Zu Verschiebungen in den Machtstrukturen mit teils deutlichen Implikationen für religiöse Minderheiten kam es sodann im 20. Jahrhundert. Zu nennen wären ein muslimisch geprägter Nationalismus, die Staatsgründung Israels 1948, ein aufkeimender Islamismus im gesamten Nahen Osten und zuletzt der Zerfall staatlicher Gewaltmonopole, wie er heute in Syrien und im Irak zu beobachten ist.

Wie viele Christen leben noch in der Region?

In den Ländern des Vorderen Orients, inklusive der Türkei, Israels und Zyperns, leben heute annähernd 14,5 Millionen orientalische Christen. In Israel sind etwa 120.000 bis 150.000 und in den Palästinensischen Gebieten (inklusive Ost-Jerusalem) circa 47.000 Bewohner christliche Glaubensanhänger. Palästinensische Christen verteilen sich auf sämtliche Denominationen, wobei orthodoxe Glaubensanhänger in der Mehrheit sind.

Die Zahlen sind unter Vorbehalt zu betrachten, da durchaus unterschiedliche statistische Angaben kursieren. Vor allem über die Zahl der nicht-palästinensischen Christen in Israel herrscht Unklarheit; das lateinische Patriarchat beziffert diese Gruppe auf etwa 165.000. Auf palästinensischer Seite wurde 2017 eine Volkszählung durchgeführt, deren Resultate am 28. März 2018 vorgestellt wurden. Demnach beziffert das Palästinensische Statistikbüro die Zahl der Christen in Gaza, Ost-Jerusalem und dem Westjordanland auf 46.850. Bei einem Vergleich der Werte (siehe Tabelle 1) lassen sich nur bedingt Trends ableiten, weil das Palästinensische Statistikbüro 2007 nur eingeschränkten Zugang zu den palästinensischen Stadtteilen Ost-Jerusalems erhielt und somit die Zahl der Bewohner und ihrer konfessionellen Zugehörigkeit schätzen musste.
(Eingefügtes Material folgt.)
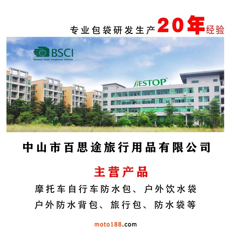 中山市百思途旅行用品有限公司,專業(yè)包袋研發(fā)生產(chǎn)20年經(jīng)驗,主營產(chǎn)品:摩托車自行車防水包、戶外飲水袋、戶外防水背包、旅行包、防水袋等,聯(lián)系電話:18476582442,周小姐
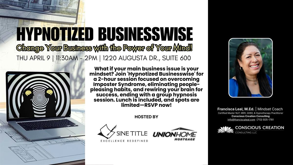 What if your main business issue is your mindset? Join 'Hypnotized Businesswise' for a 2-hour session focused on overcoming Imposter Syndrome, eliminating people-pleasing habits, and rewiring your brain for success, ending with a group hypnosis session. Lunch is included, and spots are limited—RSVP now!
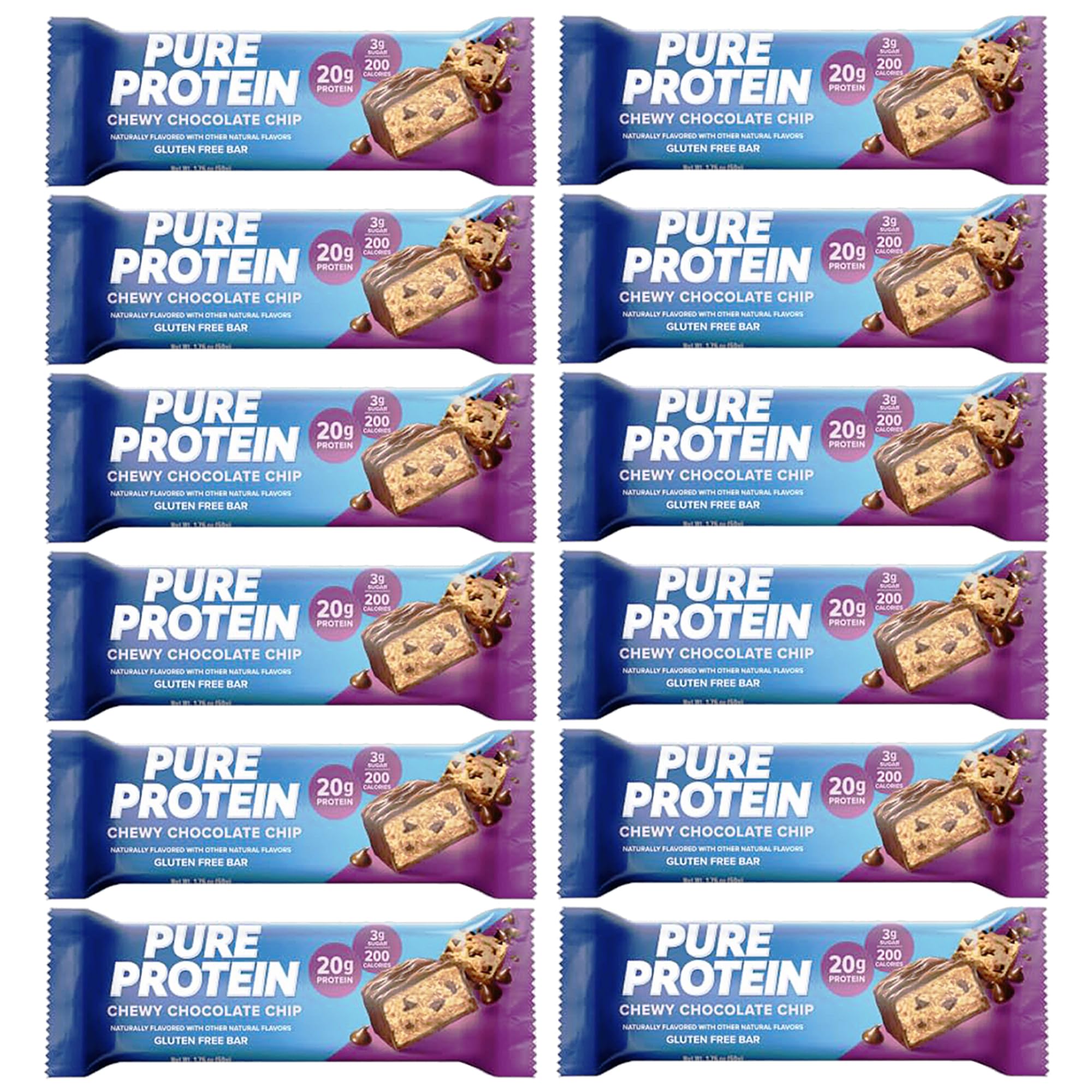 Pure Protein Bars High Protein Nutritious Snacks to Support Energy Low Sugar 1.75 oz Gluten Free 12 Count Chewy Chocolate Chip

Während Christen ihre Heimat verlassen, wachsen die anderen Religionsgruppen. Statistisch gesehen kommen auf eine palästinensische Christin in Israel 2,18 Kinder, auf eine ultraorthodoxe jüdische Mutter indes 6,5 auf eine säkulare Jüdin 2,88 und auf eine muslimische Mutter kommen 3,84 Kinder. Nur nicht-religiöse Familien wachsen in noch geringerem Umfang als Christen. In den Palästinensischen Gebieten liegt die Geburtenrate bei 4,4. Folglich sinkt der entsprechende Anteil an der Gesellschaft aufgrund der Geburtenverteilung derzeit schnell – in Israel sind es zwei Prozent und in Palästina noch ein Prozent.
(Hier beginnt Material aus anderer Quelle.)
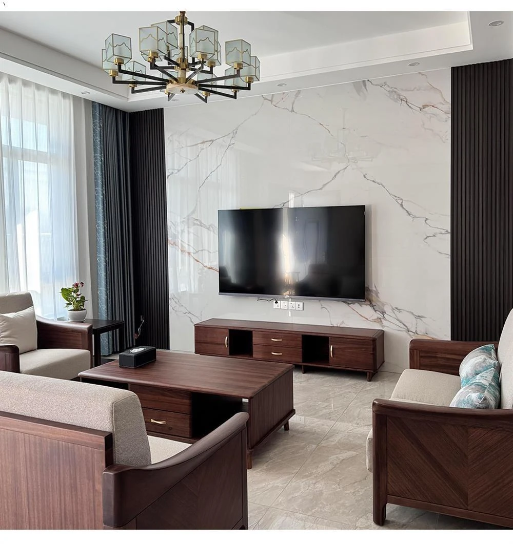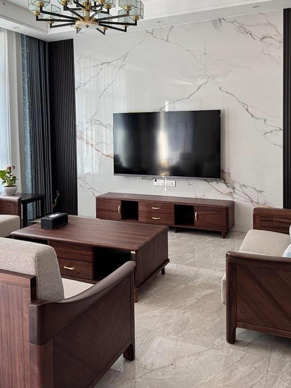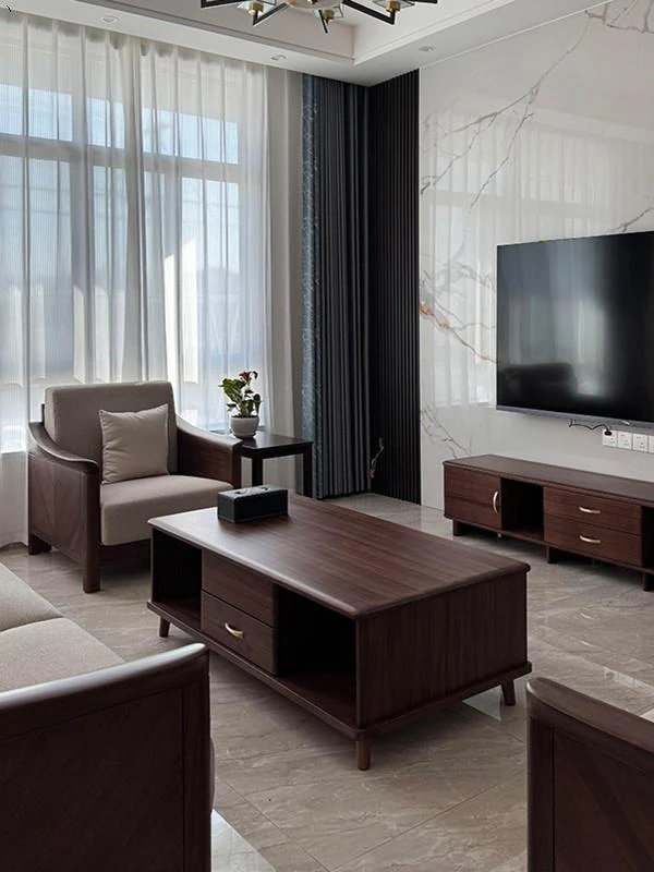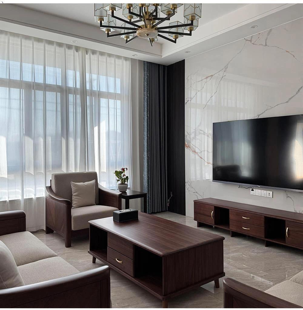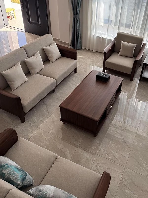 ウルキン材の無垢材ソファ|新中式スタイル|別荘リビングにぴったり!モダンでシンプルなデザイン|冬も夏も快適な布製ソファ|大小さまざまな間取りに対応可能!
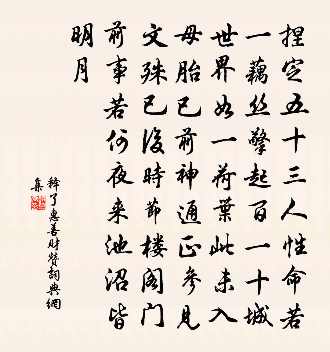 詩詞名句歷史字典書法欣賞書法字典國語詞典說文解字康熙字典古漢語字典標 題 作 者 詩 句 善財贊作者:釋了惠 朝代:宋代善財贊原文捏定五十三人性命若一藕絲,擎起百一十城世界如一荷葉。此未入母胎已前神通,正參見文殊已後時節。樓閣門前事若何,夜來池沼皆明月。詩詞問答問:善財贊的作者是誰?答:釋了惠問:善財贊寫於哪個朝代?答:宋代釋了惠善財贊書法欣賞善財贊書法作品詩詞推薦和三鄉詩李縞〔唐代〕會稽王謝兩風流,王子沉淪謝女愁。歸思若隨文字在,路傍空為感千秋。禪人並化主寫真求贊釋正覺〔宋代〕默默神澄,稜稜氣清。河漢之月耿耿而不夜,蒹葭之風淒淒而有聲。相逢便說無生話,萬像森羅作證明。每見王太丞邑事甚冗而剸劇之暇猶能過訪山館王安石〔宋代〕我看繁訟頻搔首,君富才明見亦常。尚有閒襟尋水石,更留佳句似池塘。松苗地合分高下,鳧鶴天教有短長。徐上再次韻十首陳造〔宋代〕進業湖海窄,取名絲縷輕。因君論前輩,衛道有金城。潢潦先知本,機緘貴用情。靈台與秋日,炯燭古今明。歸田詩庾信〔南北朝〕務農勤九榖。歸來嘉一廛。穿渠移水碓。燒棘起山田。樹陰逢歇馬。魚潭見酒船。苦李無人摘。秋瓜不直錢。社雞范至能游靈石錄示詩仙留題雲李洪〔宋代〕雨後泉淙水樂,詩成目送孤雲。寄興西湖南北,忘年丘壑松筠。游爛柯山趙湘〔唐代〕仙人與王質,相會偶多時。落日千年事,空山一局棋。樹高明月在,風動白雲移。未得酬身計,閒來學采芝。和薛察院同龍門知縣劉大著洎數公禹廟留題魏野〔宋代〕七人廟下立徘徊,相顧閒心幾欲摧。落日堪傷四散去,再來難得一齊來。春曉汪莘〔宋代〕曉來雨初晴,天宇淨如拭。隔籬見花柳,春氣亂五色。東君渾不管,但為閒者得。我方獵鵾鵬,溟南復溟北。江邊星月二首杜甫〔唐代〕驟雨清秋夜,金波耿玉繩。天河元自白,江浦向來澄。映物連珠斷,緣空一鏡升。餘光隱更漏,況乃露華凝。江月晨炊翫鞭亭二首楊萬里〔宋代〕問著無聲是阿兄,坐看家賊只吞聲。戮屍大放經綸手,長柄判將鍚茂弘。緣識宋太宗〔宋代〕恤刑遍空於囹圄,八面調順興時雨。我且慚無及物功,哀哉獄訟經炎暑。清涼坐起受官榮,幾許能仁善規矩。倏忽次韻子高即事黃庭堅〔宋代〕詩禮不忘它日問,文章未覺古人疏。青雲自致屠龍學,白首同歸種樹書。綠葉青陰啼鳥下,遊絲飛絮落花余。無因【中呂】滿庭芳_風塵艷娃,佚名〔元代〕風塵艷娃,堪題堪詠,堪羨堪夸。朱唇檀口些娘大,臉襯桃花。理冰弦纖纖銀甲,步香塵窄窄刀麻。天生下,溫柔凱歌十首呈賈樞使劉克莊〔宋代〕東南立國惟王謝,西北籌邊只范韓。公不袞衣假黃鉞,吾能右衽更巍冠。西湖雪後趙蕃〔宋代〕行到湖邊卻筍輿,眼中渾似畫屏紆。梅花又作臨風笑,亦有高人似舊無。李翬知縣作亭西湖上,余用東坡語名之曰飲綠范成大〔宋代〕芷葺蓮巢喚客游,蘆鞭席帽為君留。未論吹水堪添酒,且要移床學枕流。乍霽卻陰梅釀雨,暫暄還冷麥催秋。石湖次韻明仲幽居春來十首劉子翬〔宋代〕莫遣瀟湘雙鯉來,歸心生怕曉禽催。咄嗟新轉渠渠屋,寒士歡顏正爾開。暖轎孔武仲〔宋代〕垂簾為戶竹為輿,千里征行似宴居。達摩無心惟穩坐,倪寬已老更耽書。蝸牛蘇軾〔宋代〕腥涎不滿殼,聊足以自濡。升高不知回,竟作粘壁枯。名句推薦自憐人憐,自棄人棄。心無滯礙,害不侵矣。來俊臣《羅織經·保身卷第七》 閒雲潭影日悠悠,物換星移幾度秋。王勃《滕王閣序》 三教於是乎可一矣。王通《中說·卷五·問易篇》 黃河九天上,人鬼瞰重關。元好問《水調歌頭·賦三門津》 檐流未滴梅花凍,一種清孤不等閒。鄭燮《山中雪後》 商女不知亡國恨,隔江猶唱後庭花。杜牧《泊秦淮》 世事浮云何足問,不如高臥且加餐。王維《酌酒與裴迪》 丞相祠堂何處尋,錦官城外柏森森。杜甫《蜀相》 今宵樓上一尊同。雲濕紗窗。辛棄疾《一剪梅·中秋元月》 不愁屋漏床床濕,且喜溪流岸岸深曾幾《蘇秀道中》

Autochthone und eingewanderte Christen in Israel: Die Kontakte untereinander sind begrenzt

Christen leben dies- und jenseits der grünen Linie, wobei ihre jeweiligen Lebenswirklichkeiten im jüdisch geprägten Israel und im muslimisch dominierten Palästina bisweilen unterschiedlich sind. In Israel leben Christen inmitten eines sie marginalisierenden jüdischen Nationalismus, eines zunehmend muslimisch geprägten arabischen Nationalismus sowie einer wachsenden evangelikalen Bewegung. Die jüngsten Einwanderungswellen stellen für die autochthonen Christen eine zusätzliche Herausforderung dar: mit dem Ende des Kalten Krieges setzte ein Zuzug nicht-arabischer Christen nach Israel ein, der bis heute anhält. Die neuen Christen stammen aus der ehemaligen Sowjetunion (Christen, die mit ihren jüdischen Ehepartnern eingewandert sind), Afrika (Asylsuchende) und Asien (Arbeitsmigranten). Diese Einwanderer unterscheiden sich in vielerlei Hinsicht von den palästinensischen Christen im Staat Israel, die für sich genommen eine homogene Gruppe mit hohem politischen Organisationsgrad und einem geografischen Fokus auf den Norden des Landes bilden. Dies versetzt sie in die Lage, nicht nur ihren Minderheitenstatus in Israel zu behaupten, sondern auch ihren nationalen Anspruch zu artikulieren. Als autochthone Christen sind sie eng mit ihrer Heimat verbunden. Ihnen gegenüber stehen Christen, denen identitätsstiftende Merkmale fehlen (siehe Tabelle 2). Einige Quellen gehen davon aus, dass diese Einwanderer unter der Gesamtheit israelischer Christen bereits heute die Mehrheit bilden.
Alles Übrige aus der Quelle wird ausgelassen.